Ireland like so many other countries is a destination and source country for women, men and children subject to trafficking, including forced labour. (TIP Report 2015).

Presentation by Mary Ryan rsm at RENATE 2nd European Assembly, 6-12 November 2016

Ireland too has its own history of human trafficking. It was in the year 2000 when the first trafficked person was recognised and identified in Ireland. Since then human trafficking has expanded and as a country we have become better at identifying victims. In those earlier years many of the girls came from Eastern Europe and had little or no English. Today the pattern is quite different. Support providers like Ruhama have worked with women from 60 different nationalities, from every continent and representative of a wide variety of ages and ethnic backgrounds. Many still have limited or no English, no friends or family support networks here – often they do not know which country they are in, they may never have heard of Ireland. Presently many of the women are here from Africa, Brazil, Romania and South America with lesser numbers from other countries around the world.

Ireland has signed and ratified the Palermo Protocol and the Council of Europe Agreement for many years now and in 2008 introduced the key legislation of the Human Trafficking Act with amendments in 2013. This act provides for heavy penalties for trafficking – up to life imprisonment if specific means of force / coercion can be proved. It also makes provision for penalties for sex buyers who knowingly pay for sex services of a victim of trafficking although a buyer charged with this offence can claim ignorance of trafficking as their defence. The conviction rate for traffickers is very low and many are convicted not of trafficking as such but of related crimes such as sexual exploitation, possession of child pornography and sexual assault. While there is evidence of trafficking for labour and many high profile convictions, the majority of those trafficked here are women and children for sexual exploitation.

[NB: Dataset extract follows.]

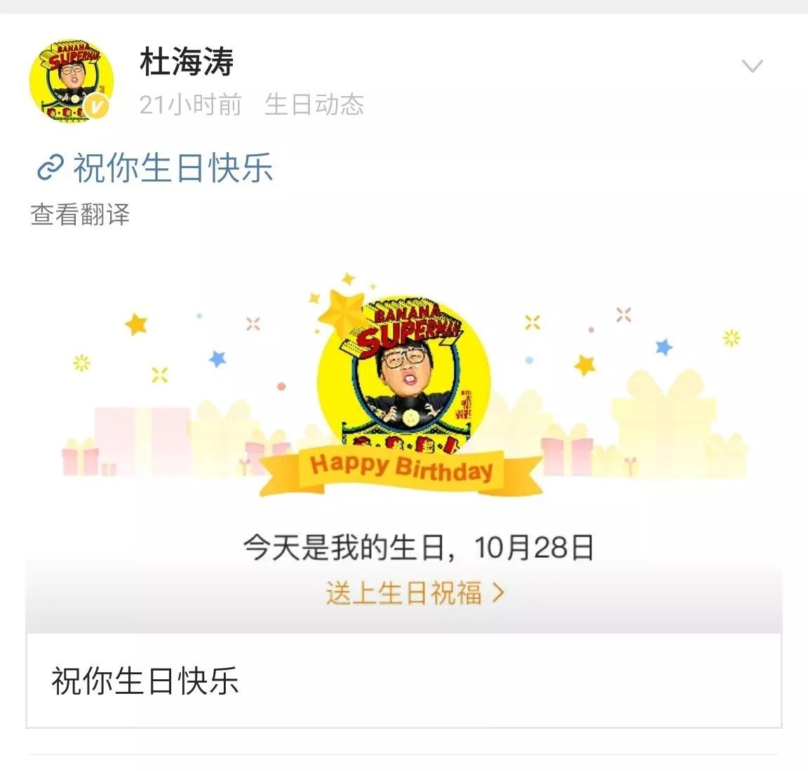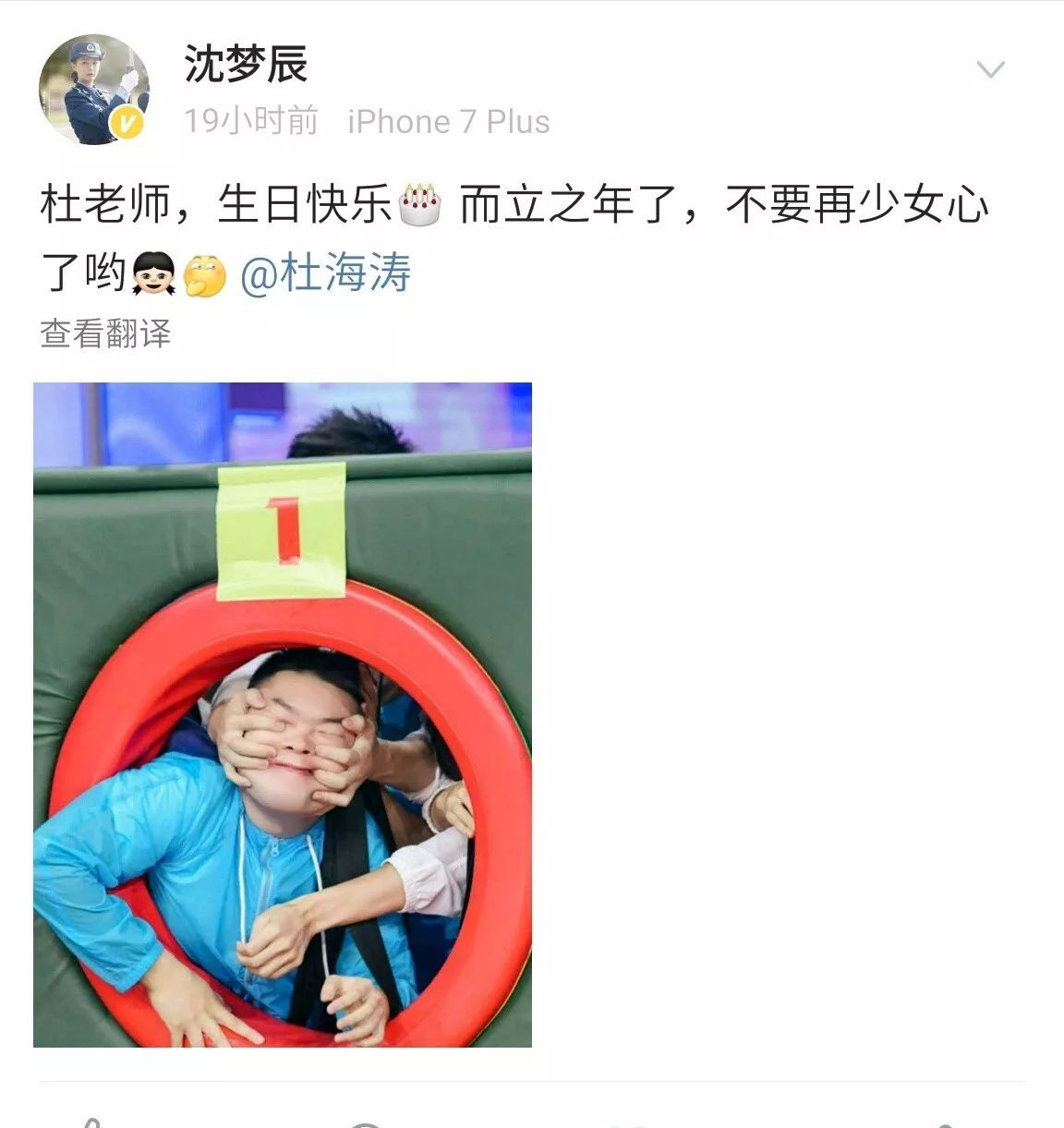 当然了所有人都送上了祝福而做为女朋友的沈梦辰也不例外啦!不过这条祝福微博却发了两次!因为第一次沈梦辰打了个错别字!不过后来秒删改了回来。

In 2015 the Criminal Justice (Sexual Offences) Bill was introduced following wide-spread consultation. This bill aims to criminalise the purchase of sexual services. It proposes wide ranging reforms of the law, including stronger sanctions aimed at protecting children from sexual exploitation, child pornography and on-line grooming. On publication of the bill Justice Minister Frances Fitzgerald stated “I am committed to addressing the very real and tragic crimes of trafficking and exploitation associated with prostitution and I am convinced that targeting the demand for such services is the way forward”. The enactment of this bill has been delayed due to unforeseen circumstances and change of Government but is eagerly awaited in the next few months.

The Second National Plan to prevent and combat Human Trafficking has come into operation and proposes a fundamental re-examination of the identification process; a review of victim support services; an enhanced data analysis system and further training and an awareness needs analysis – all very welcome supports and strategies to combat human trafficking.

Reach Project 2015/2016

This is an all-Ireland project to raise awareness of trafficking as a form of violence against women and girls. AHTU (Anti Human Trafficking Unit). The Department of Justice with EU funding initiated this project. It involved working in close co-operation with State and Civil Society organisations across two different juristictions to develop new and innovative ways of tracking Human Trafficking. This is the first all-Ireland initiative of its kind. The project has three strands that focus on different groups:

1. Women and girls as victims / potential victims of trafficking.
2. Men and boys as buyers / potential buyers, who fuel the demand for trafficking.
3. Front line professionals, those in a position to identify victims and offer support.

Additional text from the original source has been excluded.